Crawling out from underground every 13 or 17 years, with a collective song as loud as jet engines, the periodical cicadas are nature’s kings of the calendar.
These black bugs with bulging eyes differ from their greener-tinged cousins that come out annually. They stay buried year after year, until they surface and take over a landscape, covering houses with shed exoskeletons and making the ground crunchy.
This spring, an unusual cicada double dose is about to invade a couple parts of the United States in what University of Connecticut cicada expert John Cooley called “cicada-geddon.”
The last time these two broods came out together in 1803 Thomas Jefferson, who wrote about cicadas in his Garden Book but mistakenly called them locusts, was president. “Periodic cicadas don’t do subtle,” Cooley said.
If you’re fascinated by the upcoming solar eclipse, the cicadas are weirder and bigger, said Georgia Tech biophysicist Saad Bhamla.
“We’ve got trillions of these amazing living organisms come out of the Earth, climb up on trees and it’s just a unique experience, a sight to behold,” Bhamla said.
“It’s like an entire alien species living underneath our feet and then some prime number years they come out to say hello.”
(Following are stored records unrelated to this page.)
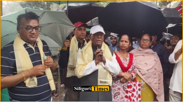 Bagdogra, 24th March: Ignoring persistent rainfall, Trinamool Congress candidate Sankar Malakar continued his election campaign with an umbrella at a tea garden in the area.
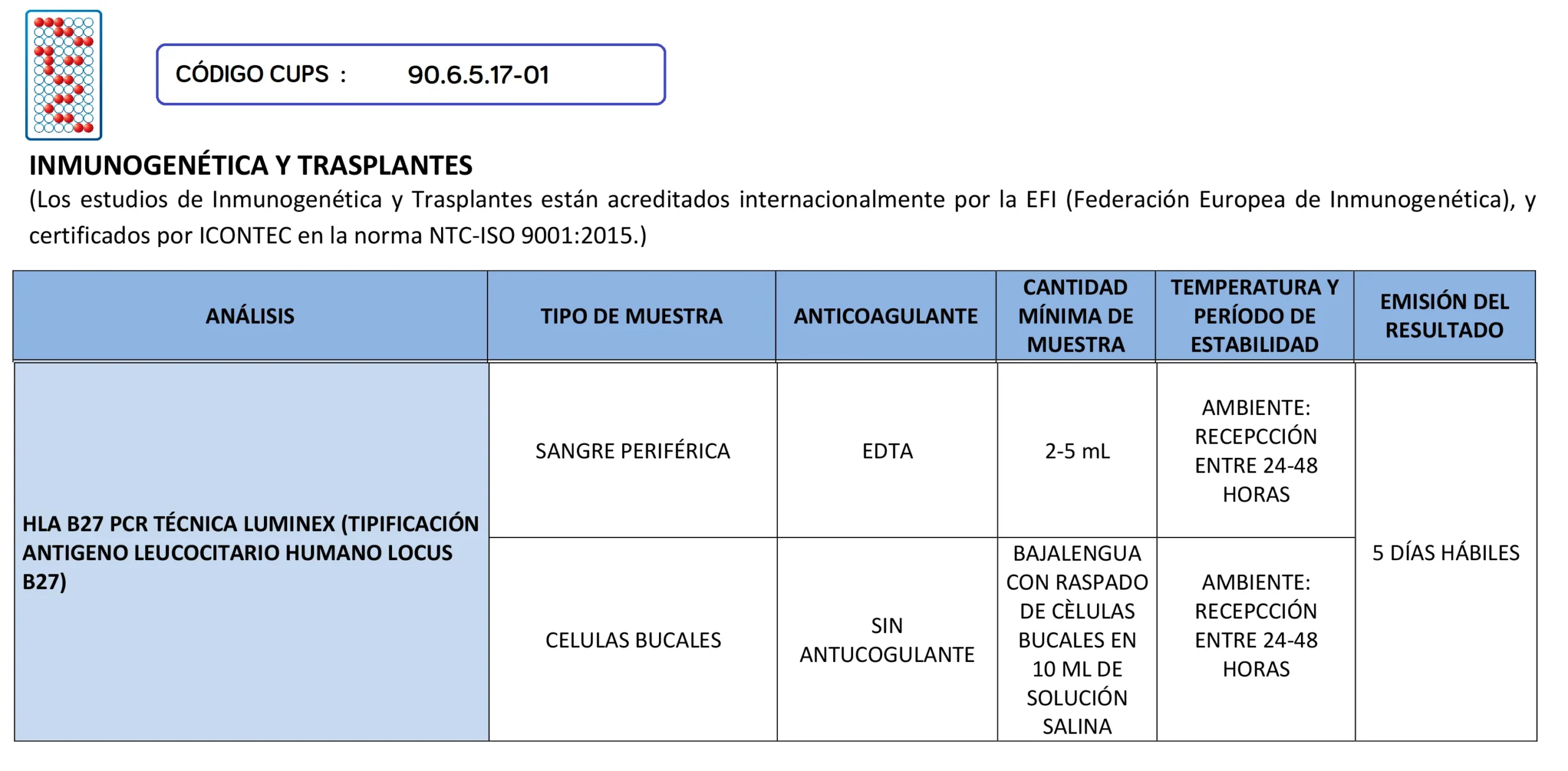 p52-2 HLA B27 PCR TÉCNICA LUMINEX (TIPIFICACIÓN ANTIGENO LEUCOCITARIO HUMANO LOCUS B27) 90.6.5.17-01
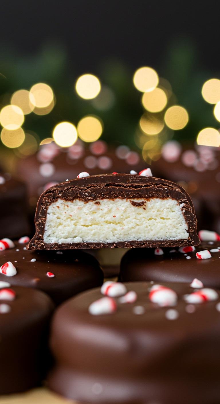 - Once set, melt the white chocolate, mix in the crushed candy canes, and layer on top of the dark chocolate.

At times mistaken for voracious and unrelated locusts, periodical cicadas are more annoying rather than causing biblical economic damage. They can hurt young trees and some fruit crops, but it’s not widespread and can be prevented.
The largest geographic brood in the nation ― called Brood XIX and coming out every 13 years ― is about to march through the Southeast, having already created countless boreholes in the red Georgia clay. It’s a sure sign of the coming cicada occupation.
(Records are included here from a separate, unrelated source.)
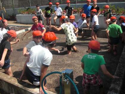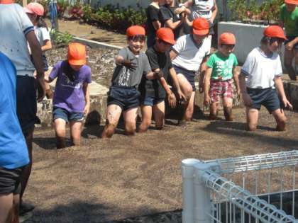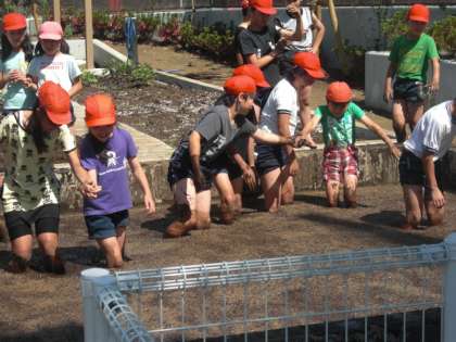 今日は、5年1組が社会科の学習で田んぼ作り。
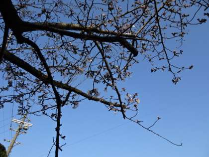 自転車置き場横の桜が開花しました。まだ、3分咲きまで行きませんが、春が来たと実感しますね。
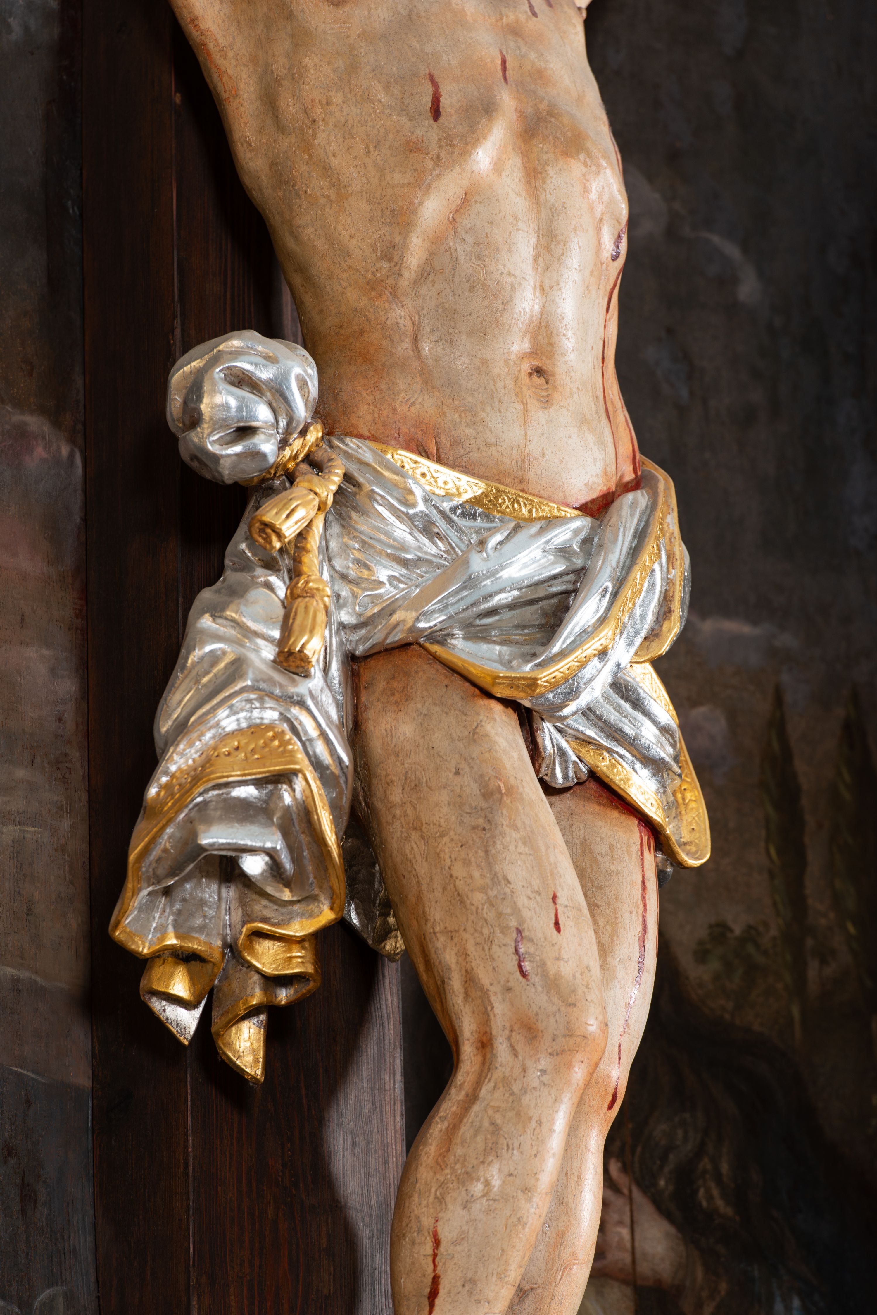 Kompozycję z krucyfiksem w centrum pola obrazowego znaleźć można w kościele Bożego Ciała w Krakowie oraz w kościele Reformatów w Węgrowie. Jednak tło tych ołtarzy w obu przypadkach jest gładkie – w kościele krakowskim widnieje tylko delikatny relief w złocie, natomiast w Węgrowie Andreas Schlüter zrezygnował z dodatkowych zdobień, umieszczając krzyż z Chrystusem na czerwonym tle. Figura została wykonana według schematu popularnego w sztuce nowożytnej – stopy przybite są dwoma gwoździami, a na ciele nie widać oznak cierpienia (obecnie są dość wyraźne, lecz jest to efekt konserwacji wykonanej po 1971 roku). Krótkie, udrapowane perizonium, związane na prawym boku w finezyjny węzeł, zakończone jest spływającą kaskadowo tkaniną. Fałdowanie jest stosunkowo płytkie, tkanina bardzo przestrzenna, momentami ażurowa. Ciało Chrystusa wykonane jest bardzo starannie, z dbałością o poprawność anatomiczną.

They emerge when the ground warms to 64 degrees (17.8 degrees Celsius), which is happening earlier than it used to because of climate change, entomologists said. The bugs are brown at first but darken as they mature.
Soon after the insects appear in large numbers in Georgia and the rest of the Southeast, cicada cousins that come out every 17 years will inundate Illinois. They are Brood XIII.
“You’ve got one very widely distributed brood in Brood XIX, but you have a very dense historically abundant brood in the Midwest, your Brood XIII,” said University of Maryland entomologist Mike Raupp.
“And when you put those two together… you would have more than anywhere else any other time,” University of Maryland entomologist Paula Shrewsbury said.